No, the "\" in "\uNNNN" would not be escaped.
The intention with adopting json-string would be to *replace* quoted-string.

I suggested this was ok as json-string is backward compatible
with quoted-string. That is not strictly true.
While json-string decodes "\u00E8" to a single char "è",
quoted-string decodes it to the 5 chars "u00E8".

This clash, however, may only be theoretical.
It is totally pointless to escape "u" as "\u" in a
quoted-string. I can confidently say it will never
have been done legitimately. If it does occurs in the wild,
99% of cases will be because the sender forgot to escape
the slash; and 99% of the remaining 1% will be because
a malicious sender is trying to bypass a security check by
escaping a char that the software never anticipated would
be escaped.

Quoted-string allows 93 ASCII chars to be used as themselves,
and defines an escaping mechanism to add 2 more chars:
double-quote and backslash (the escape char itself).
An escape mechanism to support the last ASCII visible char
might have been useful in an ASCII world, but it is pointless
today if it doesn't allow the other 100,000 Unicode chars.

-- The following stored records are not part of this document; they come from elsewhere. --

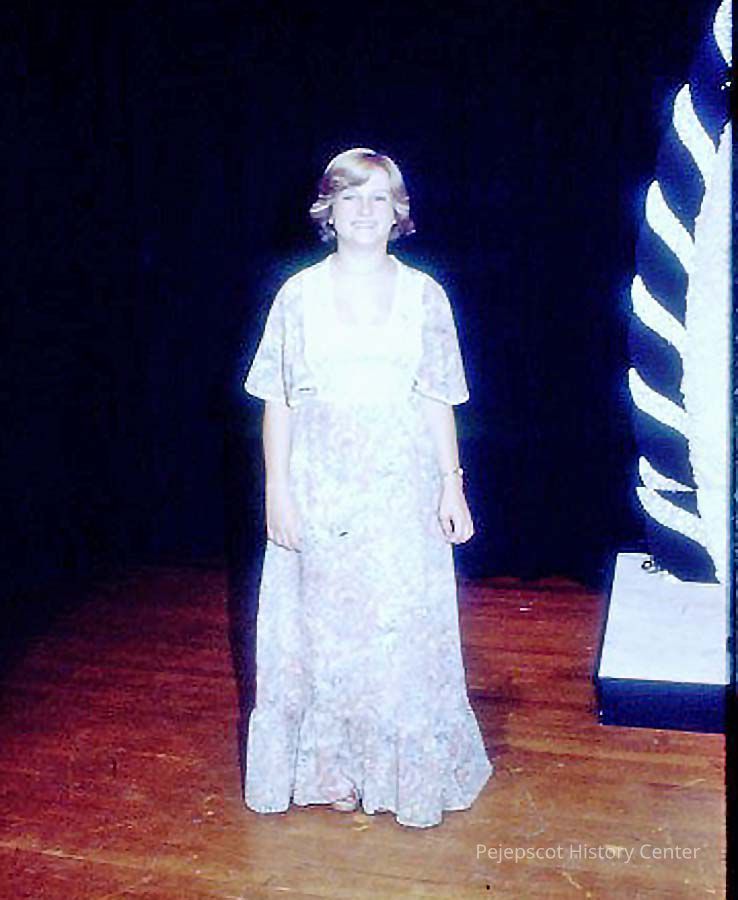 A 35 mm slide of a contestant in the 1978 Miss Teen Queen Pageant. It is marked "Jul 78", "2-38" and "8". Sponsored by Christian Youth Organization (CYO).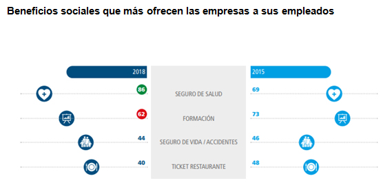 En línea con esta afirmación, el seguro de Salud es, con diferencia, el beneficio social más ofertado por las organizaciones. El 86% de las mismas lo ofrecen frente al 69% de 2015. Le sigue a distancia formación (62%) y los seguros de Vida y Accidentes (44%). Y entre las empresas que no ofrecen este seguro, el 45% tiene intención de hacerlo.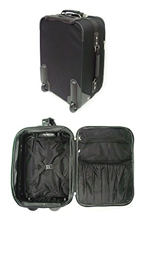 -. Feature : Made of red 1800d polyester / Expands 2" extra, but still a carry-on / 2 shoe pockets & a zip mesh pocket & a pouch for accessories in main compartment / Locking pull-up handle & recess wheels for easy maneuverability / Color: Black

If we specify json-string for a field specified elsewhere as
quoted-string I suspect we will get lucky and solve our Unicode
issue without causing any actual problems. That is partly
because I don't think most/many OAuth HTTP clients use
frameworks that automatically decode quoted-string values
in their bowels. Do others who write HTTP clients have
experience to the contrary?

I prefer option 3 (of the 3), perhaps with a note in the
spec saying: "Specifying json-string is a wilful violation
of RFC 2617 that uses quoted-string. It is done to
add support for Unicode values while supporting all valid
quoted-string values that occur in practise."